“Proven dividend growers can definitely help bolster returns when inflation is rising. In fact, nearly half of a market’s return comes from dividends,” she said. “So for me, companies with pricing power and growing dividends are very attractive in this market environment.”

Other long-term opportunities can be found in companies with strong innovation programs, she said, such as healthcare companies, where innovation is taking place both on the product side and the services side, but also where there are attractive valuations on real earnings and cash flow.

And in ESG, HVAC companies that are addressing the fact that 40% of greenhouse gasses are caused by buildings, and 40% of buildings’ energy use is deployed in heating and cooling, make good investments, she said. So do railroads, where “iron on iron is a lot more efficient than rubber on road. So a railroad can move one ton of freight 500 miles on just one gallon of fuel.”

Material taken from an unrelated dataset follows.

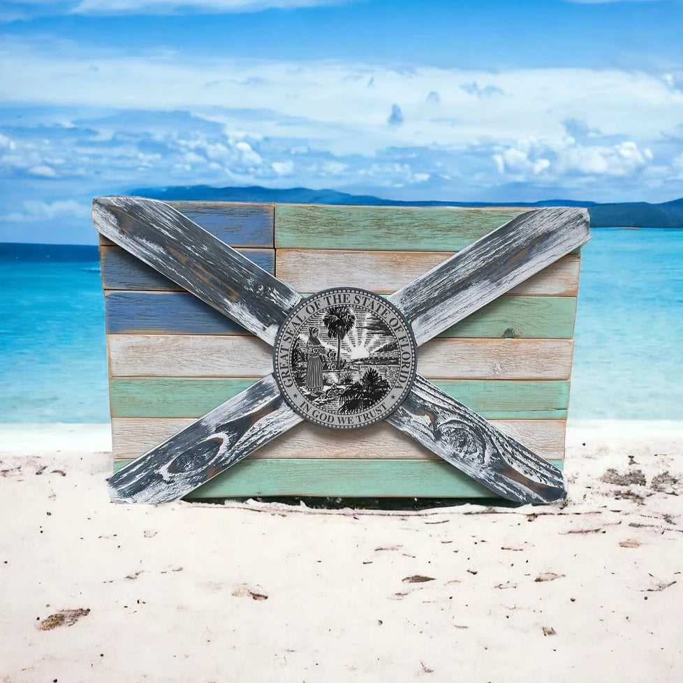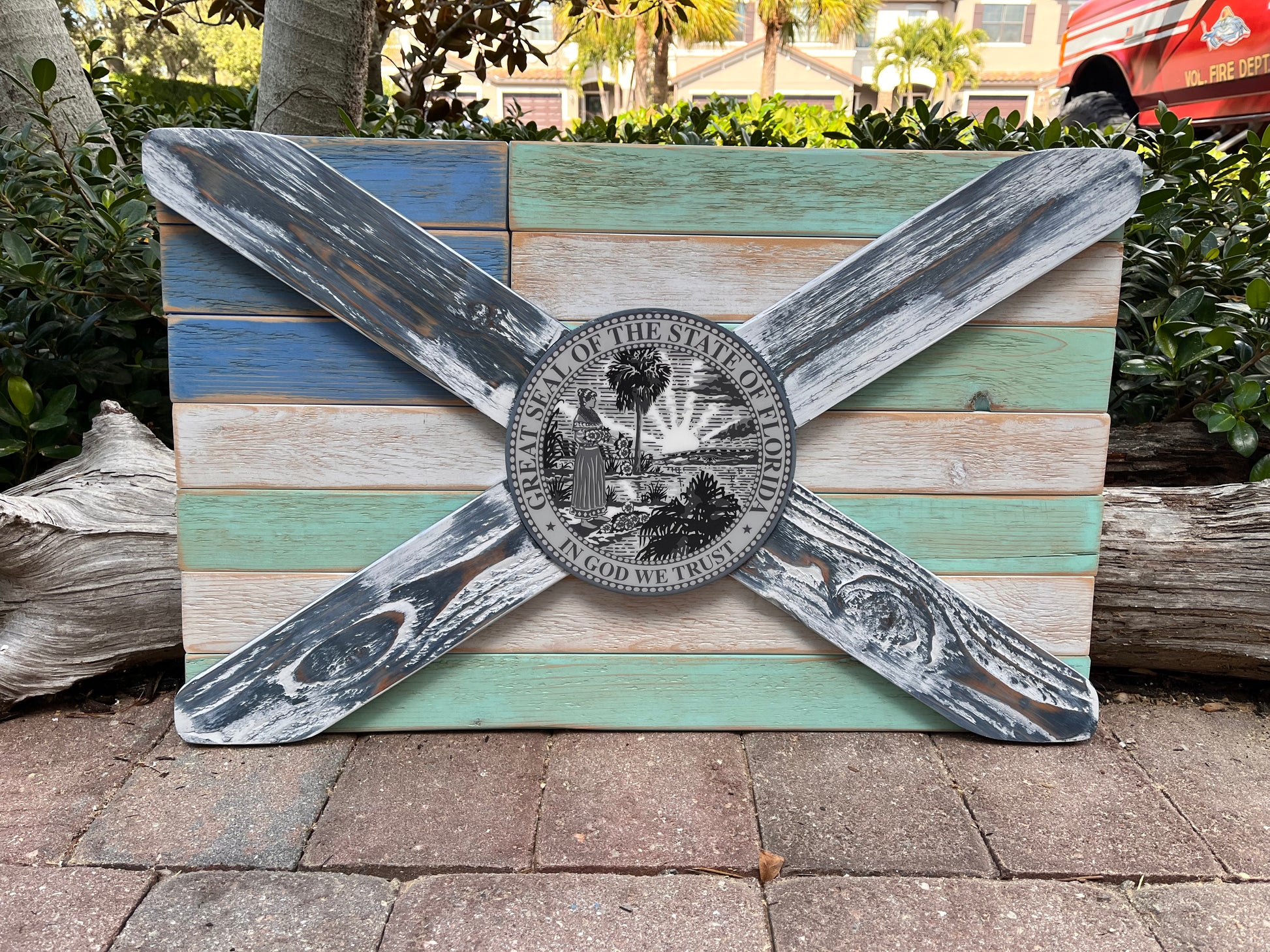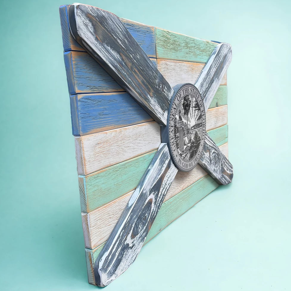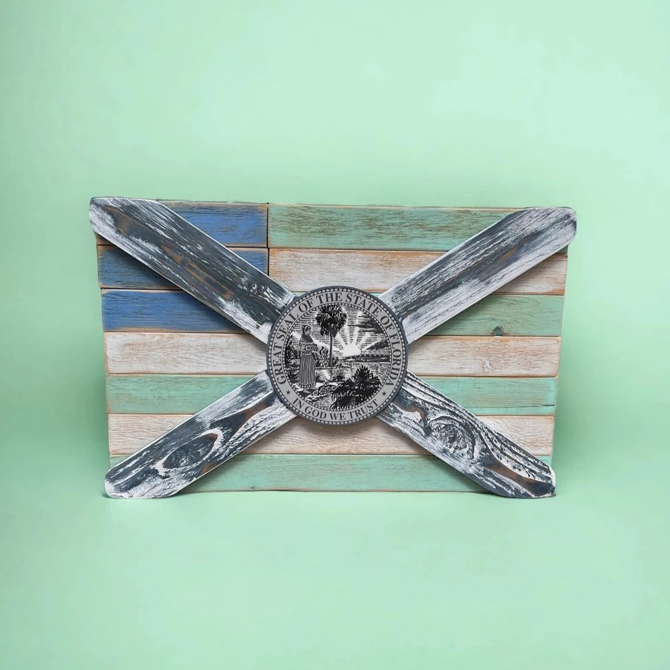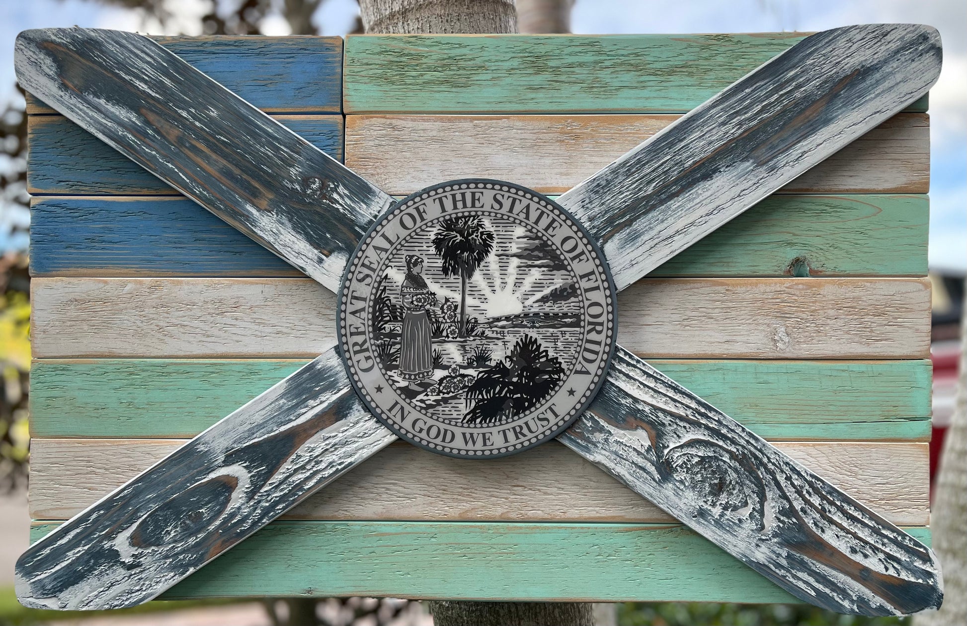 Show your Florida AND American pride with this one-of-a-kind flag! Made out of sturdy wood, the Florica Marathon flag features a vibrant blue and sea green American flag topped with a weathered white Florida seal and iconic diagonal cross. Ready, set, wave!

As the global economy’s likelihood of recession rises, making plans for the future includes predicting where it will hit and how hard. One thing’s for sure, Lind said, and that’s where the U.S. goes, so goes everyone else.  

“I think it’s fair to say that if we do get a U.S. recession, it will be very difficult for other economies around the world to decouple themselves away from that,” he said. “The U.S. tends to dictate the global financial cycle. So if the U.S. goes down, it’s going to drag the major European economies with it.”